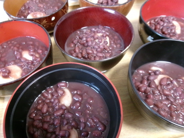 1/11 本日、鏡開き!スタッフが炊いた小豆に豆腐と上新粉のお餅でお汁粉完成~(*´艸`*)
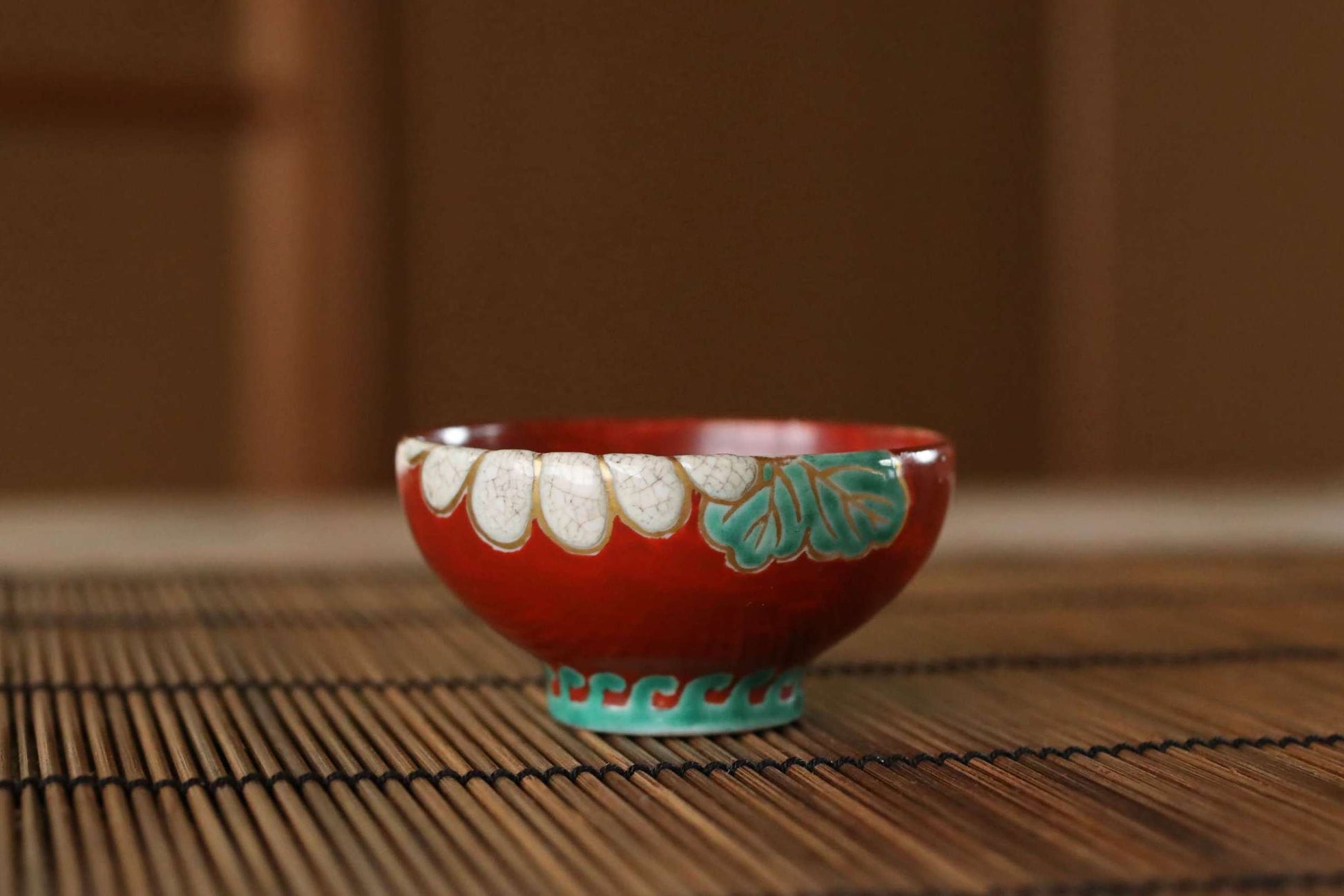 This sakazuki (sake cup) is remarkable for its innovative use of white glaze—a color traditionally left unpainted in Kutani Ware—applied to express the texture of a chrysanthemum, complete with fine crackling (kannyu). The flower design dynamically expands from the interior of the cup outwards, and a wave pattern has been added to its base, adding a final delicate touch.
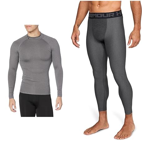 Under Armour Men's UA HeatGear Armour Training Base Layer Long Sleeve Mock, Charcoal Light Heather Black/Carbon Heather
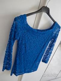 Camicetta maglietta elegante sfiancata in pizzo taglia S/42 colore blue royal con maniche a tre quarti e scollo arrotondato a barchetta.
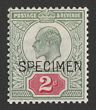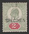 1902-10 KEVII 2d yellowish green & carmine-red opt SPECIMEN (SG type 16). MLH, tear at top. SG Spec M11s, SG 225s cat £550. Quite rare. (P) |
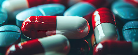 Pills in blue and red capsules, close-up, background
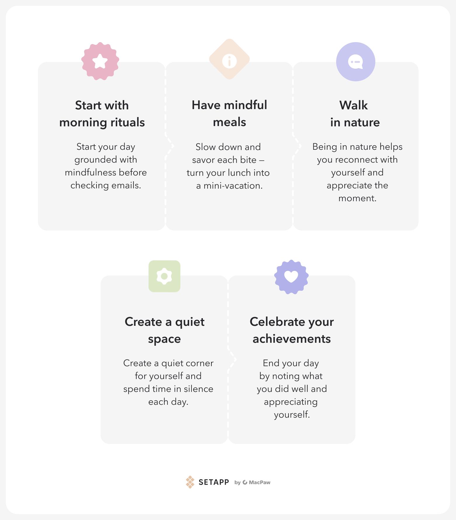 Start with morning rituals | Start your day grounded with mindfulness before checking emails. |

--

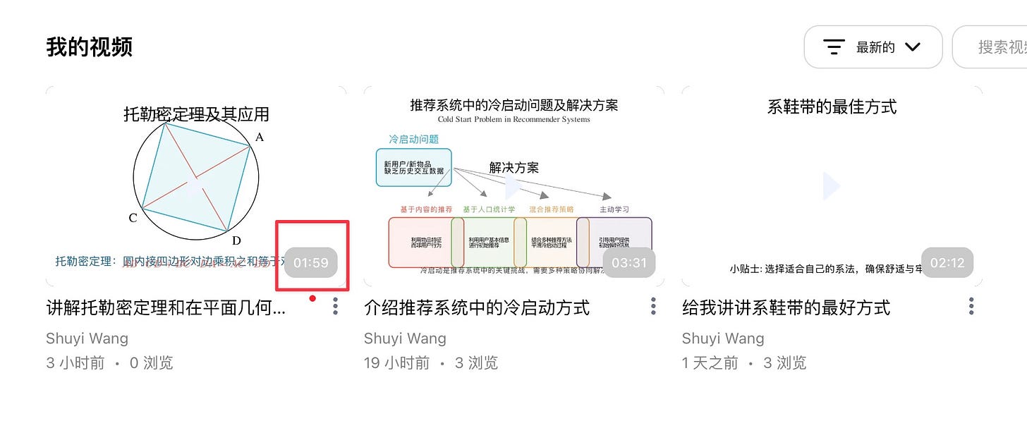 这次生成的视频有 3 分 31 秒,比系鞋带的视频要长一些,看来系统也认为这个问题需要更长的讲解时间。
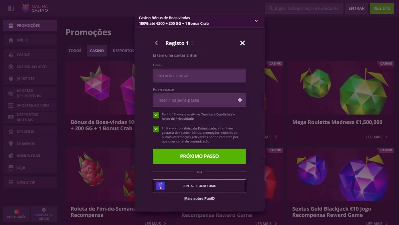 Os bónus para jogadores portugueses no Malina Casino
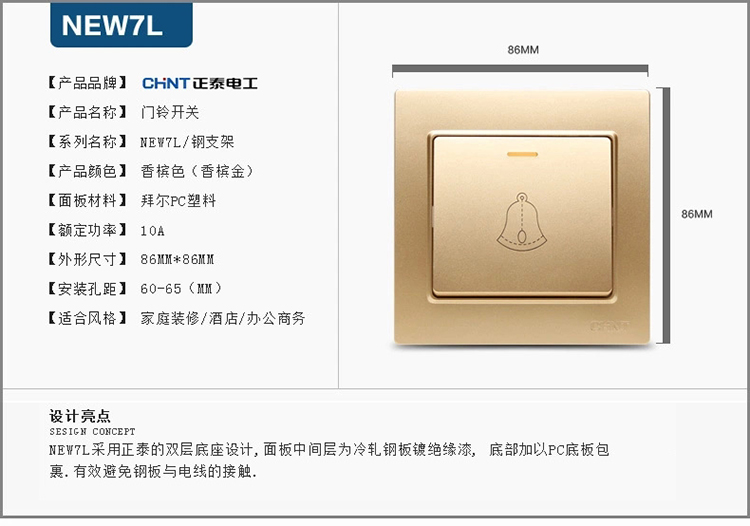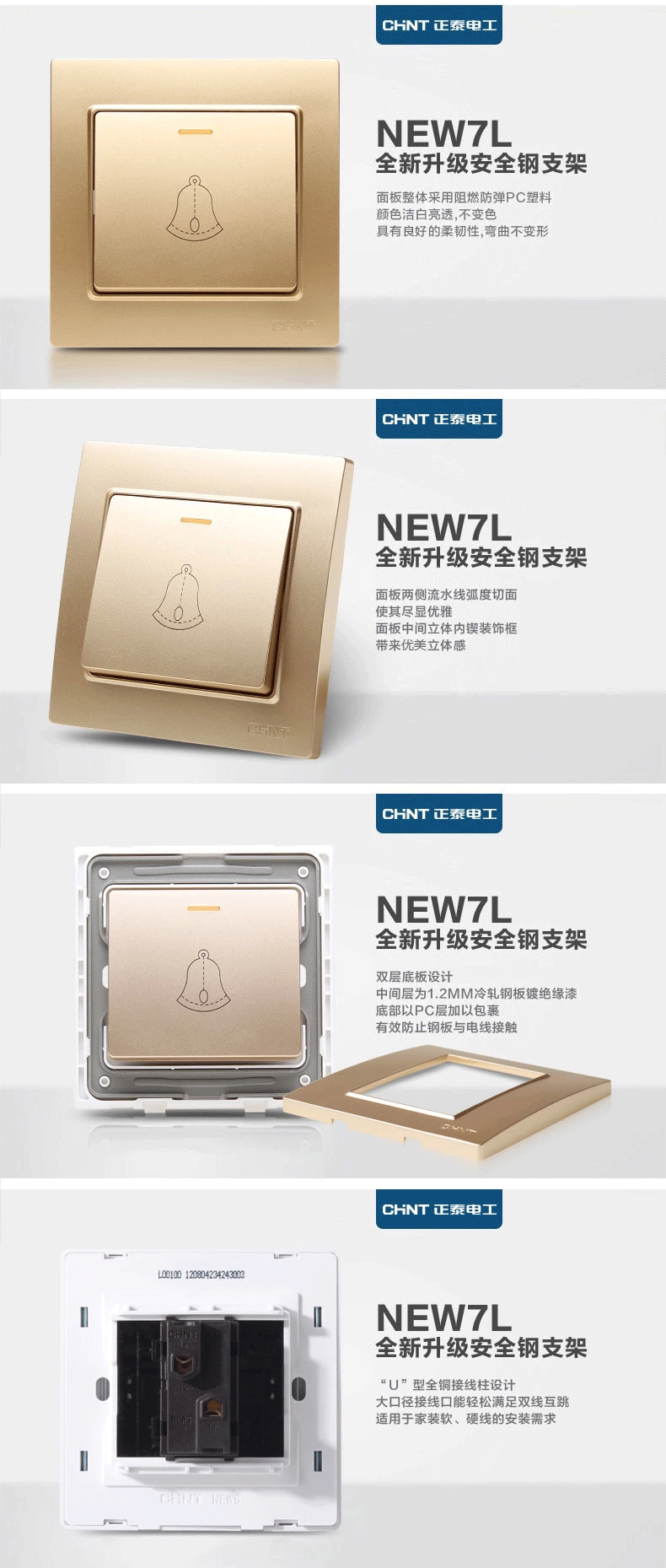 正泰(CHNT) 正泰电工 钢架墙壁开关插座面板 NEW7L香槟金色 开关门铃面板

▶ [Problem to solve]:
Exercise for the records above: copy only the lines from the one with "1902-10 KEVII 2d" to the one with "Start with morning", both ends kept, and drop the pictures.

▶ [Answer box]:
 1902-10 KEVII 2d yellowish green & carmine-red opt SPECIMEN (SG type 16). MLH, tear at top. SG Spec M11s, SG 225s cat £550. Quite rare. (P) |
 Pills in blue and red capsules, close-up, background
 Start with morning rituals | Start your day grounded with mindfulness before checking emails. |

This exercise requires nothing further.